To reach this goal, many basic assumptions need to be made. We can adapt our simulations over time to keep or drop these assumptions as needed. Designing these simulations, requires usΒ  to understand general game strategies well enough to encode them. We will need to quantify concepts like the risk we're willing to take in choosing our attacker, the expendability of our characters, how aggressively we intend to play, etc. We won't start by including all these factors at once, we do not attempt to encode human mistakes, or unusually clever play. Instead, we’ll try to describe the more deterministic aspects of a Transformers TCG match, as they represent the benchmark to which we'll compare the effect of exceptional plays, human mistakes, and card effects.

We've said that our main goal is trying to figure out the most general properties of the metagame to better understand the advantage or disadvantage that the different game strategies have when facing one another. In the Transformers TCG these game strategies are often represented, at the most simplistic level, by the combination of our team size, and the color composition of our deck. Of course the specific members of our team will play a major role in a real game, as well as our card selection. All these factors are intentionally removed from the initial scenario we're going to describe.Β 

Additionally, what kind of advantage we gain, or how much disadvantage we get, when the size of our team changes over the course of a game? Even when we're not combining five Aerialbots into a Superion, characters still get knocked out. Metroplex starts 1-tall, widens his team size, then reduces it again. Battle masters shrink their team to a narrower lineup of bots on steroids, etc. We can even change our team size through sibeboarding. Understanding the effect these changes have on the wheel turns is paramount.Β 

Finally, given the option, and after a first look at our opponent's lineup, should we decide go first? This decision alone can oftentimes sway a matchup in our favor or greatly decrease our chances of victory. These questions, their approximate answers, and further questions arising from these answers will be some of the subjects of this group of notes on simulated games.

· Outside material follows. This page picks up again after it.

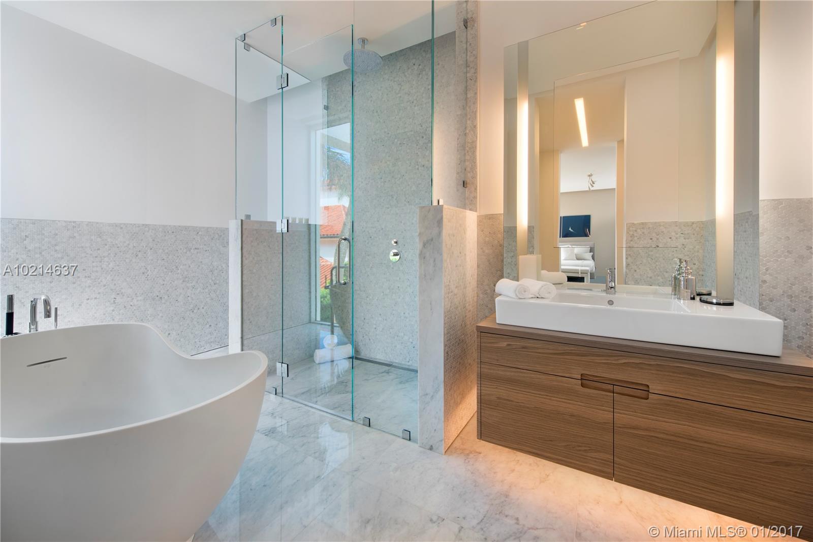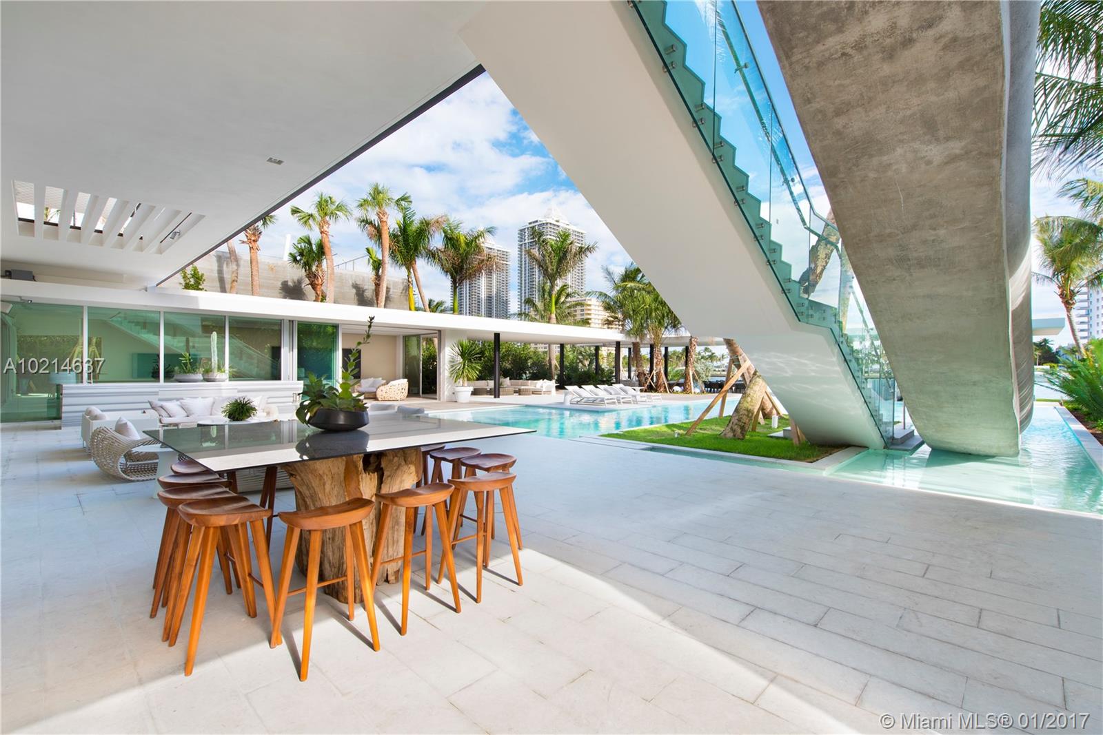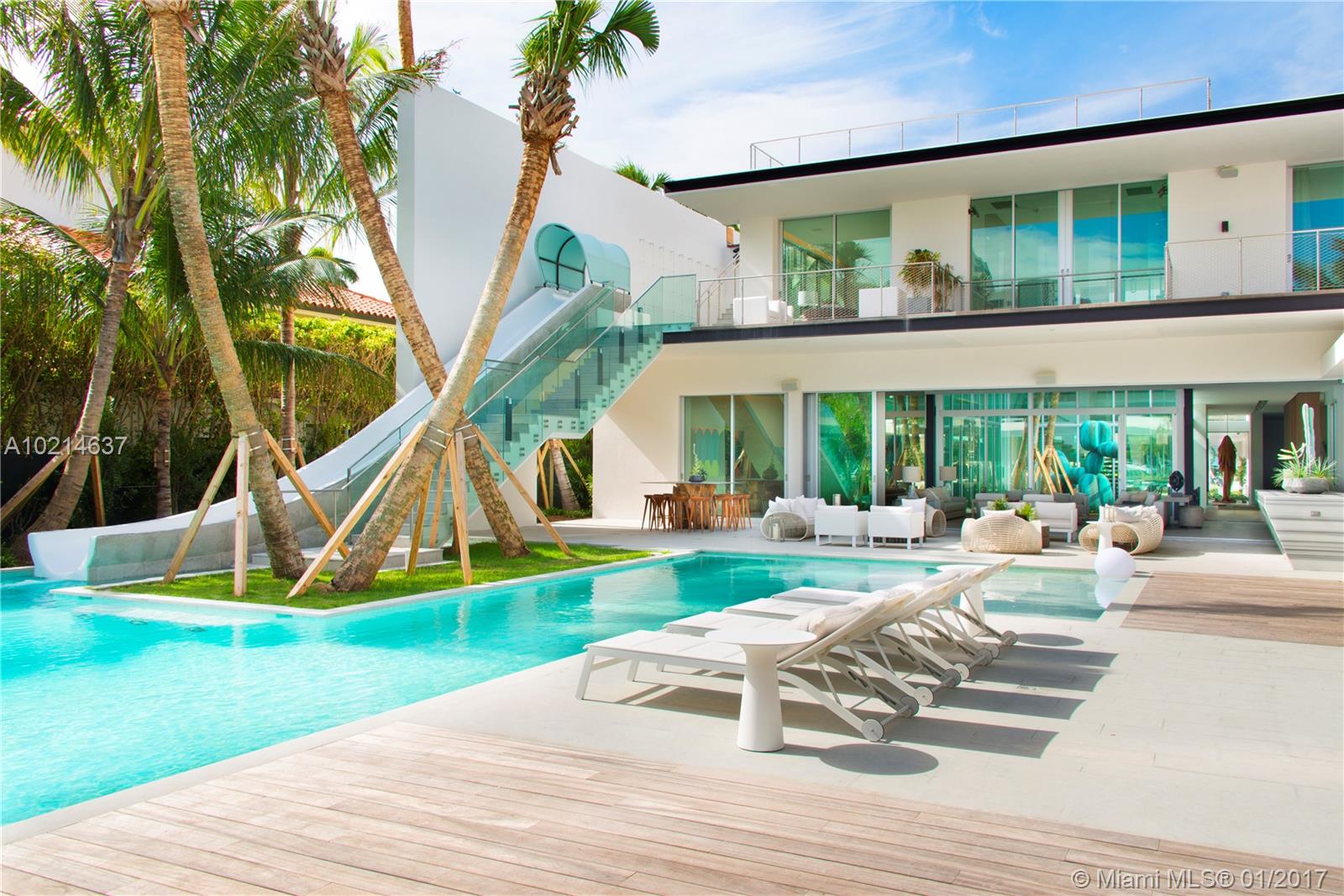This architecturally distinct home located in one of the most exclusive neighborhoods in Miami Beach was conceived as a self-contained, multi-layered landscape of experiences which takes advantage of both Miami's tropical climate as well the Ocean and Miami Beach views. Elements of the home include stunning views of the Atlantic Ocean from the master bedroom, a waterslide concealed by an elegant glass staircase, a pool with open views and a boat dock that will be built to suit the buyers preferences.

Part I - Homogeneous Teams

Our first simulations will assume homogeneous teams, i.e. lineups of identical characters. We'll see that this assumption introduces an enormous simplification in determining the optimal sequence of attacks. Therefore, it looks like a good place to start. We'll consider five different team sizes, ranging from 1 to 5 characters, denoted 1 and 2-tall, 3, 4 and 5-wide. The game statistics of these characters are listed below, as well as five different supporting decks: mono blue, mostly blue, balanced, mostly orange, and mono orange. Any team-deck combination is considered, for a total of 25 different archetypes. For each possible matchup, i.e. archetype A vs. archetype B, 20'000 entire games are simulated, and both their outcome and duration in turns are recorded. In 10'000 games it is assumed that A plays first (A is player 1, or P1) while B goes second (B is player 2, or P2 in the following). The remaining 10'000 games assume that B is P1, while A is P2. This accounts for 600 different matches, and 6 million simulated games.

Team Size

As of wave 3, a look at how base attack and defense vary with the star cost of a character doesn't show any clear scaling. On the other hand, health shows a good correlation, allowing us to evenly split a total health of about 30Γ·35 among the characters on our team. We'll keep the base defense constant, and equal to 2, and assume a mild increase of the base attack value from 2 to 6. Therefore, for each team size, we'll assume characters stats as listed in table 1. Setting an upper bound of 6 on the base attack value (as well as other assumptions we're making here) will have important effects on the outcomes of our simulations. Therefore, it's worth keeping these inferences regarding the relationship between team size and health, and attack value in mind when evaluating our results.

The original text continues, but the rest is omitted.